Back to Hurricane Blogging

TS Fay forecast to make a beeline for the Adios Airways Southern HQ*:



I did not intially take this system seriously, and I did not believe the chances were great that it would come from so far east to strike the Fl. Keys this early in the year.

But Fay has consistently defied expectations so far, and I have been famously wrong about tropical cyclones before (luckily my old blog is gone so I can't link to my old predictions about Wilma).

I do think Fay is likely to get torn apart over Cuba, and will not be a strong hurricane when she emerges off the Cuban north coast, but the water is pretty hot and I could be wrong. Certainly if she goes farther west into the open gulf, a lot more strengthening is likely before a more significant landfall on the Gulf Coast.

I do not think, however, that the water is as hot as in 2004 and 2005 - I'm trying to find good links to the SST data to post as comparison, but as usual NOAA doesn't make it easy to find. As the situation develops maybe I'll find and post the comparative GOES SST graphics.

3 comments:

John the Scientist said...

"but as usual NOAA doesn't make it easy to find"

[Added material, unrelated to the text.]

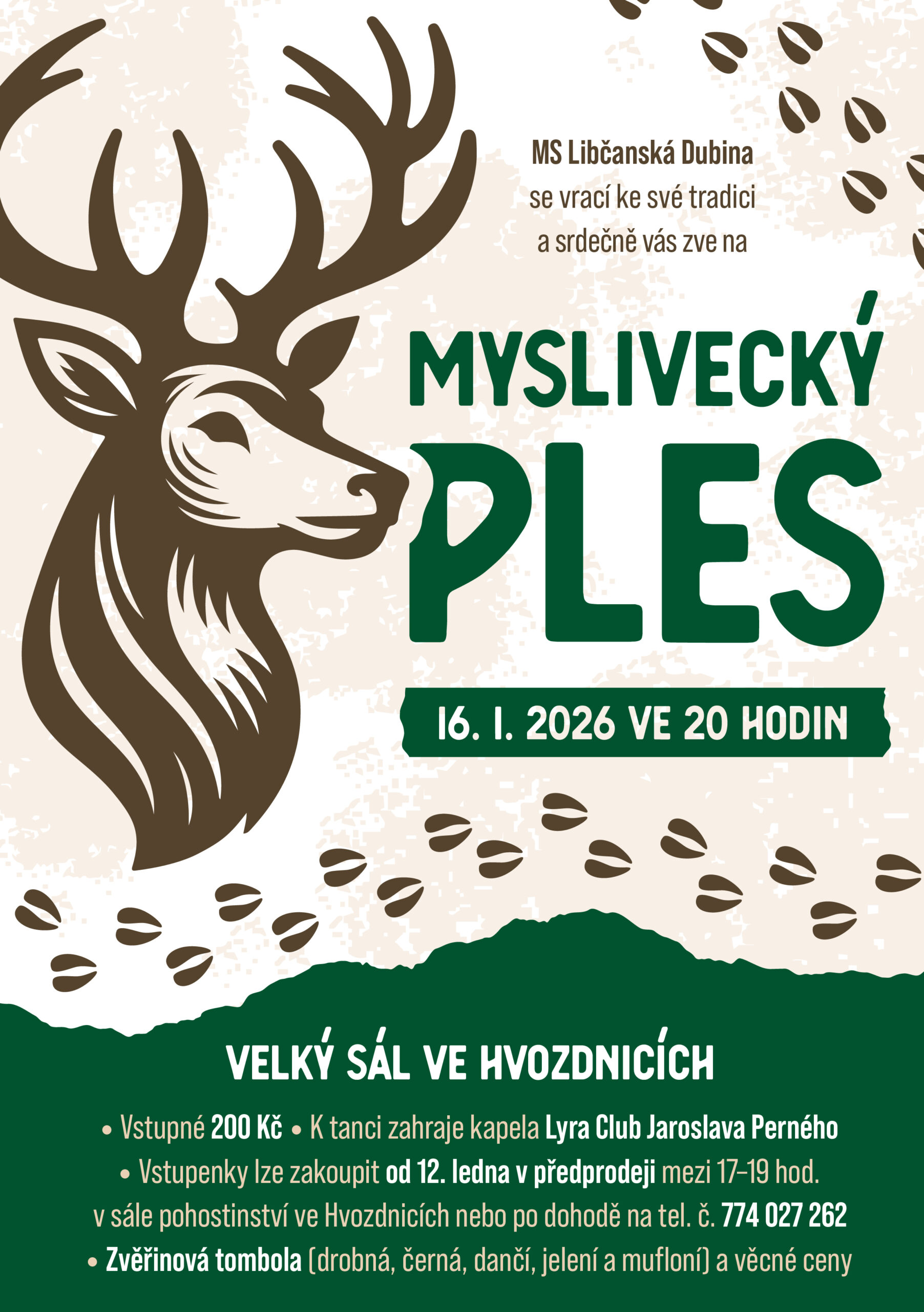 Myslivecký ples ve Hvozdnicích 30. 12. 2025 autor: Jana ŠtěpánkováMS Libčanská dubina Vás zve 16.1.2026 na ples od 20 hodin s bohatou tombolouPřílohyMyslivecky_ples_plakat (513 kB)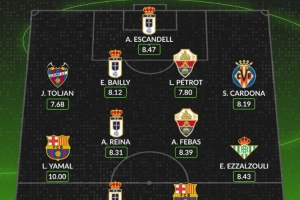 中場:亞馬爾(巴薩)、雷納(皇家奧維耶多)、費巴斯(埃爾切)、阿布德(貝蒂斯)

Our tax dollars at work. The ex-federal researcher in me thinks that they don't want people making temperature trend predictions who are not members of the Church of Anthrogenic Global Warming.

Anonymous said...

That's the dang truth... although I know there are plenty of real meteorologists at NOAA who do not ascribe to the Religion of Greenhouse-Gas Induced Climate Change. The "policy level", however, has an instinctive urge to do the wrong thing, I'm afraid.

MWT said...

Ahem. NOAA and NASA both track the same datasets, and the NASA site is a lot easier to work with: http://oceancolor.gsfc.nasa.gov/cgi/browse.pl?sen=am

This is the place where I get all my satellite images for work purposes. In particular, MODIS-Aqua SST imagery is available almost immediately after it's taken.